**Work instructions:** Reproduce the listing below from the line with "Beautiful gold coloured" to the line with "Hybrid Intelligence Combines", both lines included, character for character, minus any pictures.

......

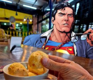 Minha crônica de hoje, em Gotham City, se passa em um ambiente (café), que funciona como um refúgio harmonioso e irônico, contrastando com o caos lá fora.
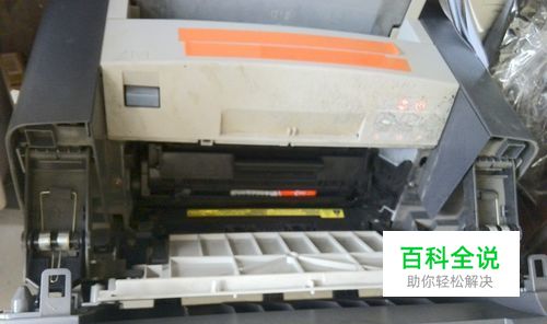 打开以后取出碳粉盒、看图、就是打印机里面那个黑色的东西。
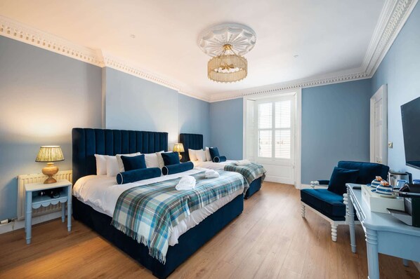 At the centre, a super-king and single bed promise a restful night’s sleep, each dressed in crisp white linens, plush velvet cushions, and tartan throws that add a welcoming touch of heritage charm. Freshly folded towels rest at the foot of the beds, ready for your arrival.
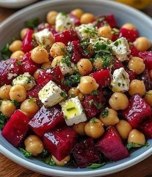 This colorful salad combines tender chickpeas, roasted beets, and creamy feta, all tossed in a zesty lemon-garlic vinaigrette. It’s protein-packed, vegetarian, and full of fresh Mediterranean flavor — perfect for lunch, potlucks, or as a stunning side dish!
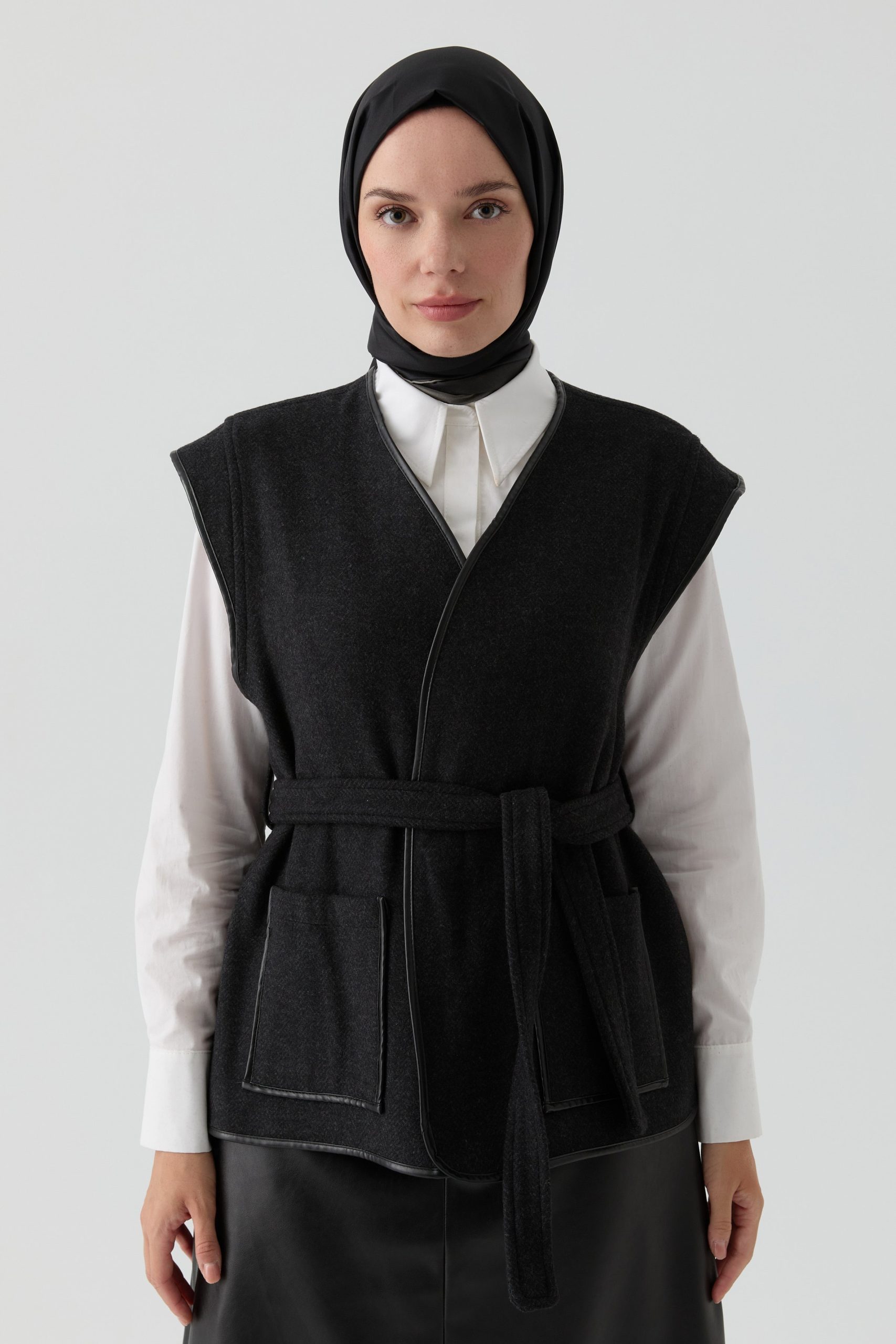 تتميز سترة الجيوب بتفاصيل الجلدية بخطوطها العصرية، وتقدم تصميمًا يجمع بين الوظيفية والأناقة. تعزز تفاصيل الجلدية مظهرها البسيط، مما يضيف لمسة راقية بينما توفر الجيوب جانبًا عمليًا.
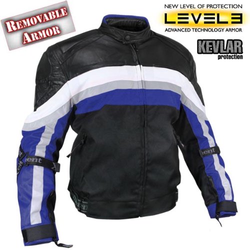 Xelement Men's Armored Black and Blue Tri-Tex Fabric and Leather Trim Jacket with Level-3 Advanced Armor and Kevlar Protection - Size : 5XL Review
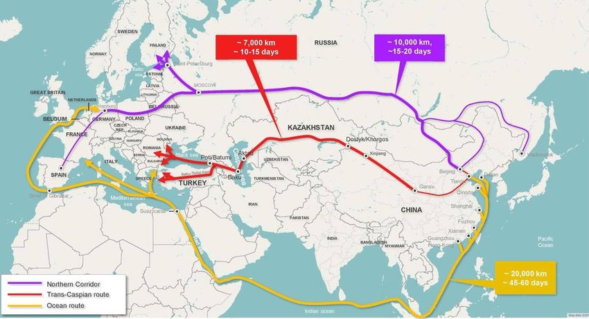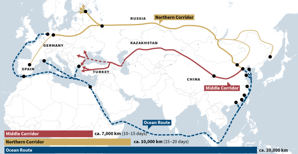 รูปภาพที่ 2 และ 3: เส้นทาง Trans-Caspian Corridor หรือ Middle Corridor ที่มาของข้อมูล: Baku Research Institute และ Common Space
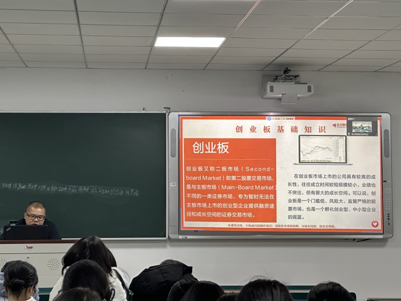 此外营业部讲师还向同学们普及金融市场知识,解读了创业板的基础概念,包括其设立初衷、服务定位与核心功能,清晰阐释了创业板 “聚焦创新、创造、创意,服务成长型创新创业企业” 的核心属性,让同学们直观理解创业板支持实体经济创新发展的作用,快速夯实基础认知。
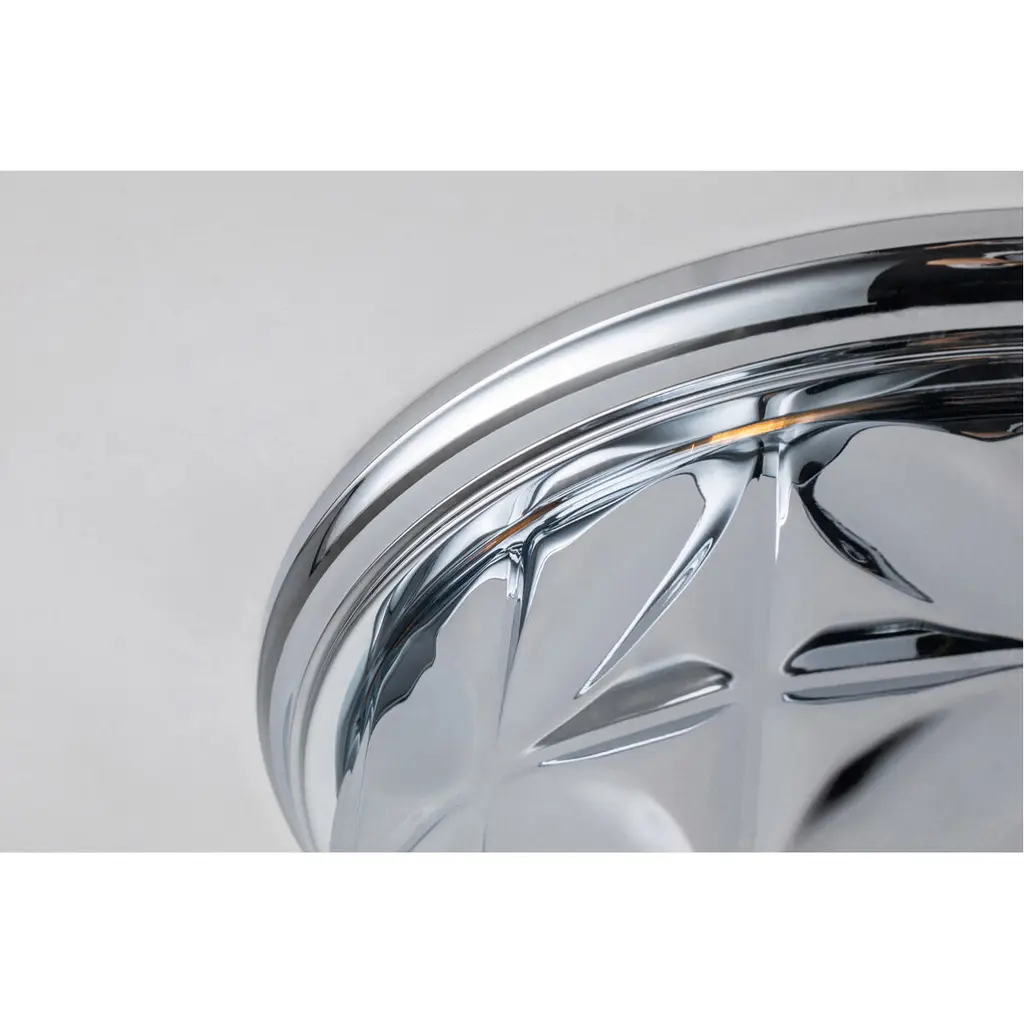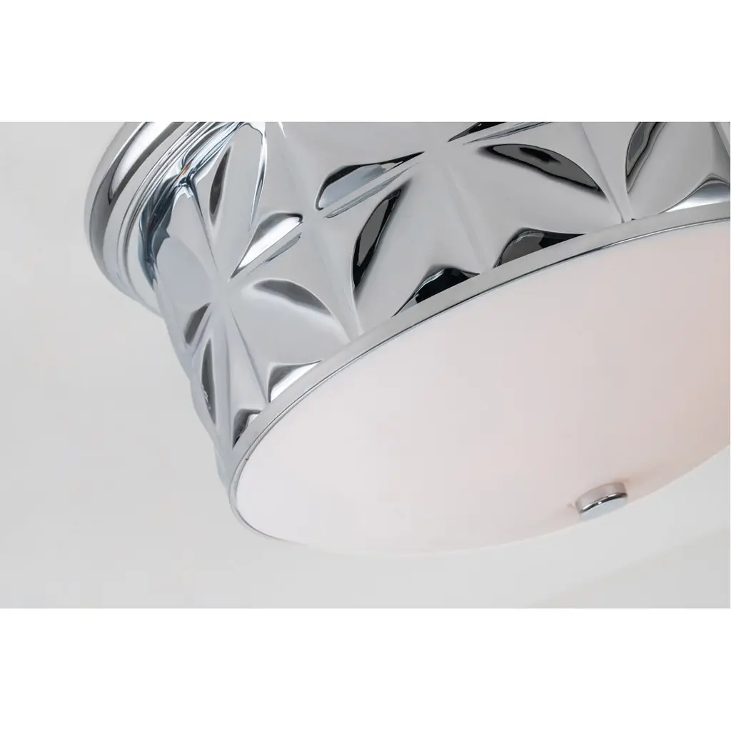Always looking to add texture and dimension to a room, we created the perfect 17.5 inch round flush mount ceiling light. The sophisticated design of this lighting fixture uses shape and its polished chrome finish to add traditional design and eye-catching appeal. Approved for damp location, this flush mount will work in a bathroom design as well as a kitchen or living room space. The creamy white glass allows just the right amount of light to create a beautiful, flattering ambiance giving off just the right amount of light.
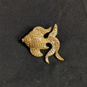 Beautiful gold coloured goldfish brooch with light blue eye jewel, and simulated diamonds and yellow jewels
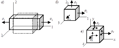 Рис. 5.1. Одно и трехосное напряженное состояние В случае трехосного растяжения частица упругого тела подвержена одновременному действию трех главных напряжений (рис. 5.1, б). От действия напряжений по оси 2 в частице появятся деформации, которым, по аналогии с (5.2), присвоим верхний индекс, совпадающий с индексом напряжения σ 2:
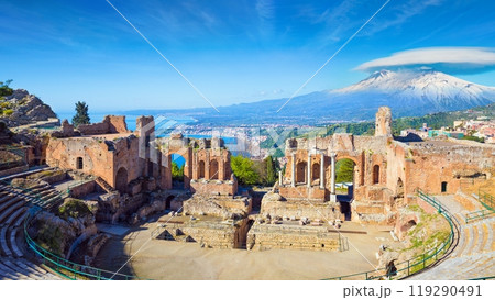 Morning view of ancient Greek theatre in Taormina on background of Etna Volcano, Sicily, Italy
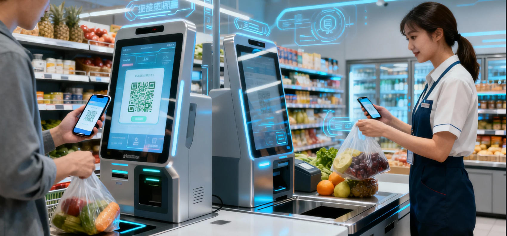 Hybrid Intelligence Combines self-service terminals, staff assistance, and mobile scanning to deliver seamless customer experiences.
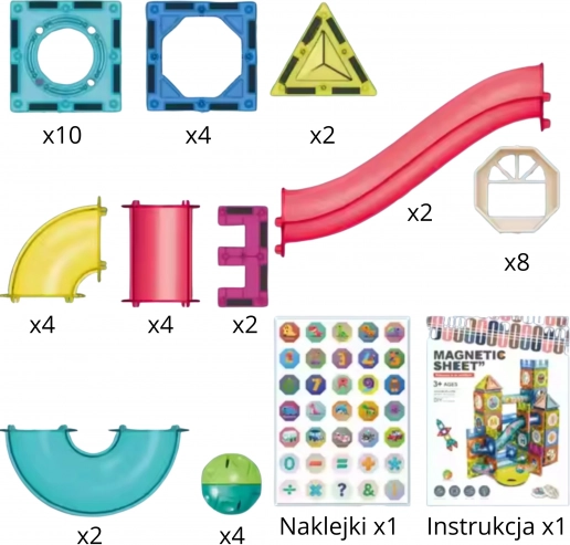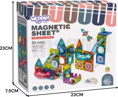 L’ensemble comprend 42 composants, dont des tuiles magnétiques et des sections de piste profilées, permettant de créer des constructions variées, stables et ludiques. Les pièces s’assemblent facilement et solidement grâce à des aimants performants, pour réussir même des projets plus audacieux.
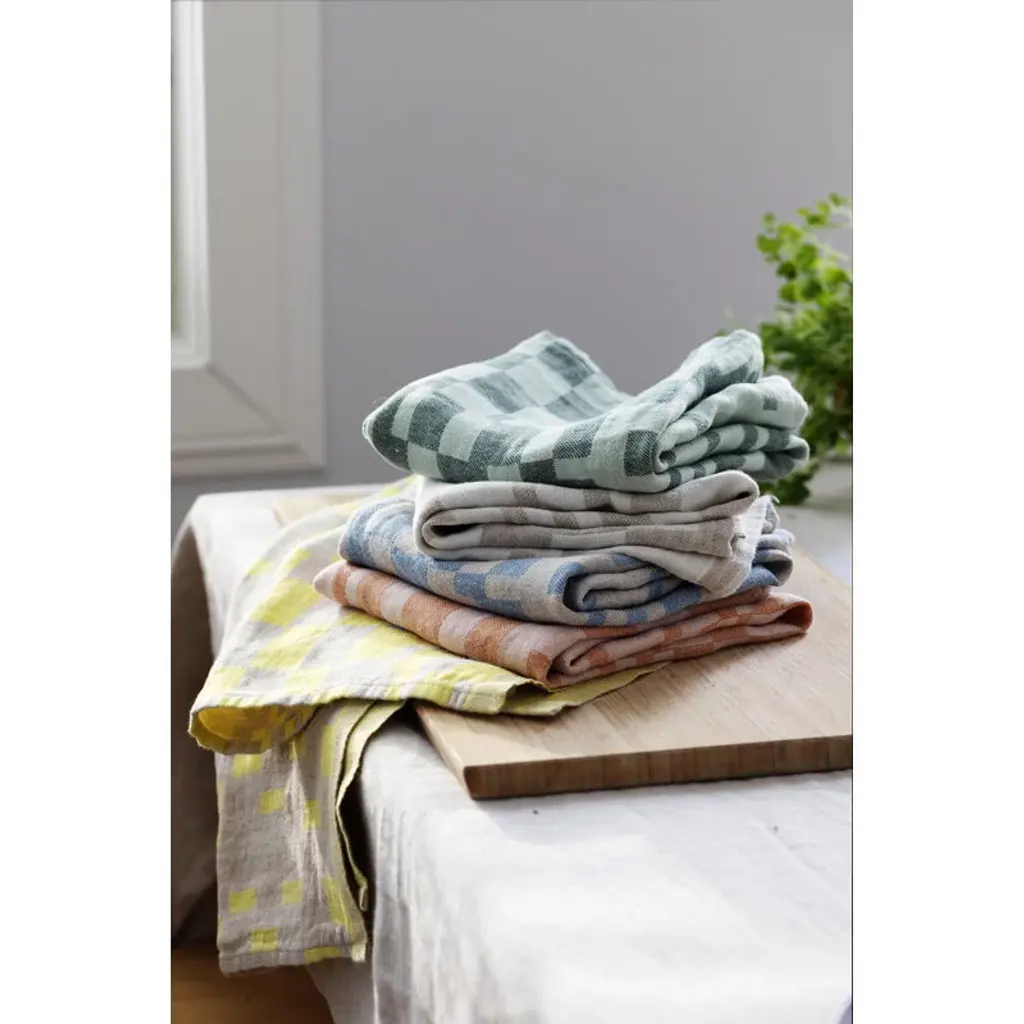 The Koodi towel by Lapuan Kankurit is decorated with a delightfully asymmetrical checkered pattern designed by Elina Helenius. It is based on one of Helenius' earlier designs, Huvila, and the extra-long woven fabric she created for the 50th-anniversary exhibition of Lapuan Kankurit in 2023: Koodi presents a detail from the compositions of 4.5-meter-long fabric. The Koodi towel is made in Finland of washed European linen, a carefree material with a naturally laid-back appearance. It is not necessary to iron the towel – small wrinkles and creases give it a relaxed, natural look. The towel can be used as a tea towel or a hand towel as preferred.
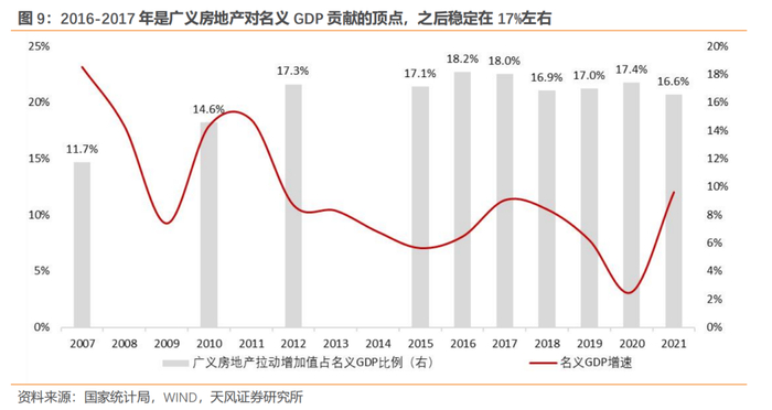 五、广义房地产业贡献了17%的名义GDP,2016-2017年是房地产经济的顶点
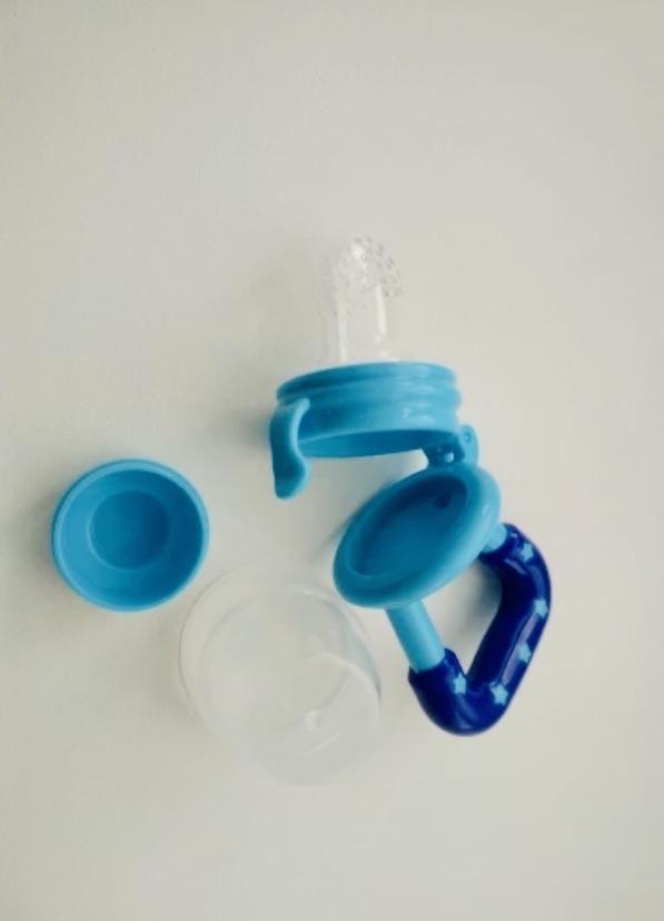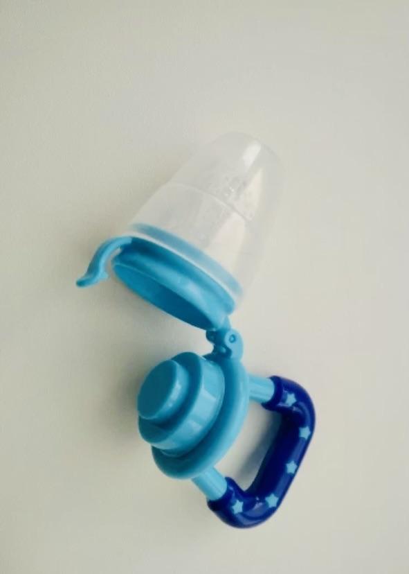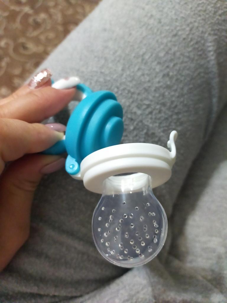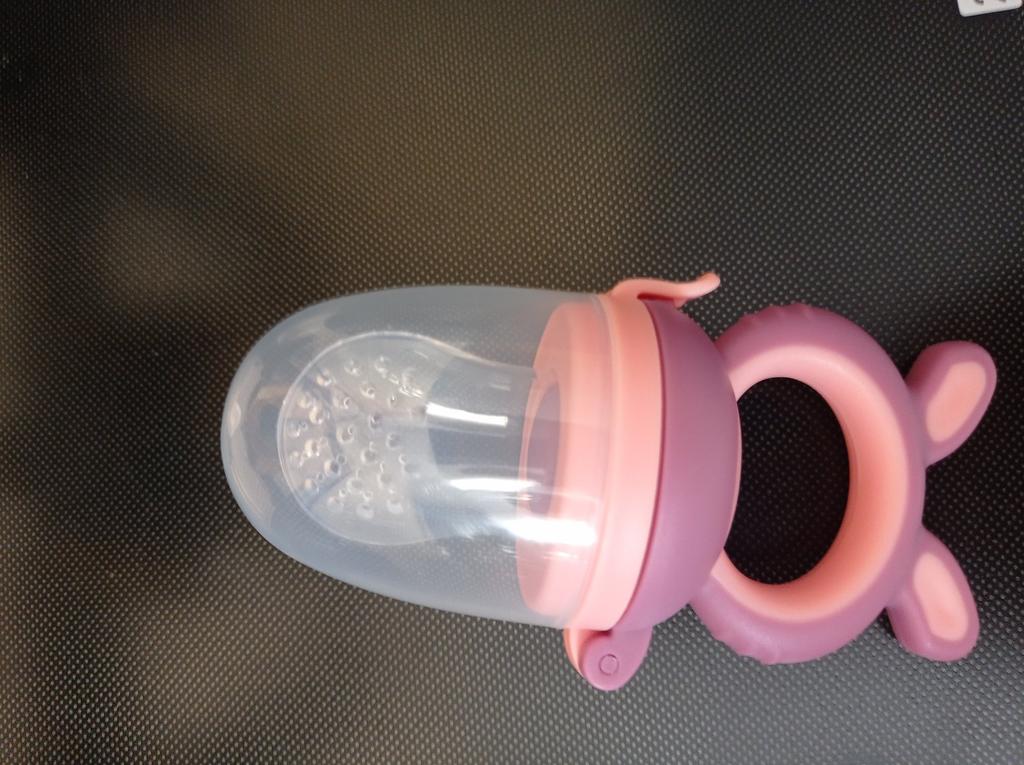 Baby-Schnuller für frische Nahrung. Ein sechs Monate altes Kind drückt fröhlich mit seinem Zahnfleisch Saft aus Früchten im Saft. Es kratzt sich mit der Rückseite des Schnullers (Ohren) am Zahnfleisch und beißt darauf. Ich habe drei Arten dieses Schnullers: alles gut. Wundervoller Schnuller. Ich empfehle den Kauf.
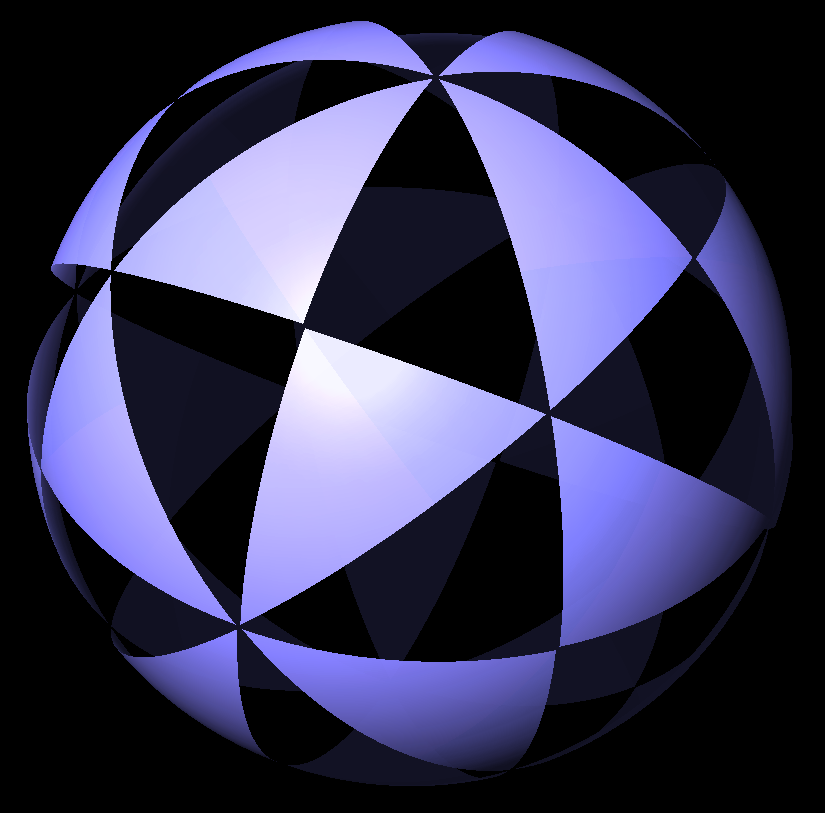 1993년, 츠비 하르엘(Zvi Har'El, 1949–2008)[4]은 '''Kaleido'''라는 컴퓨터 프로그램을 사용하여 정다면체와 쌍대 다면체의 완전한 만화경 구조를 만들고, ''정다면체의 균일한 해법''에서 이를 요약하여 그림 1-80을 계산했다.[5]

......

**Exercise response:**
 Beautiful gold coloured goldfish brooch with light blue eye jewel, and simulated diamonds and yellow jewels
 Рис. 5.1. Одно и трехосное напряженное состояние В случае трехосного растяжения частица упругого тела подвержена одновременному действию трех главных напряжений (рис. 5.1, б). От действия напряжений по оси 2 в частице появятся деформации, которым, по аналогии с (5.2), присвоим верхний индекс, совпадающий с индексом напряжения σ 2:
 Morning view of ancient Greek theatre in Taormina on background of Etna Volcano, Sicily, Italy
 Hybrid Intelligence Combines self-service terminals, staff assistance, and mobile scanning to deliver seamless customer experiences.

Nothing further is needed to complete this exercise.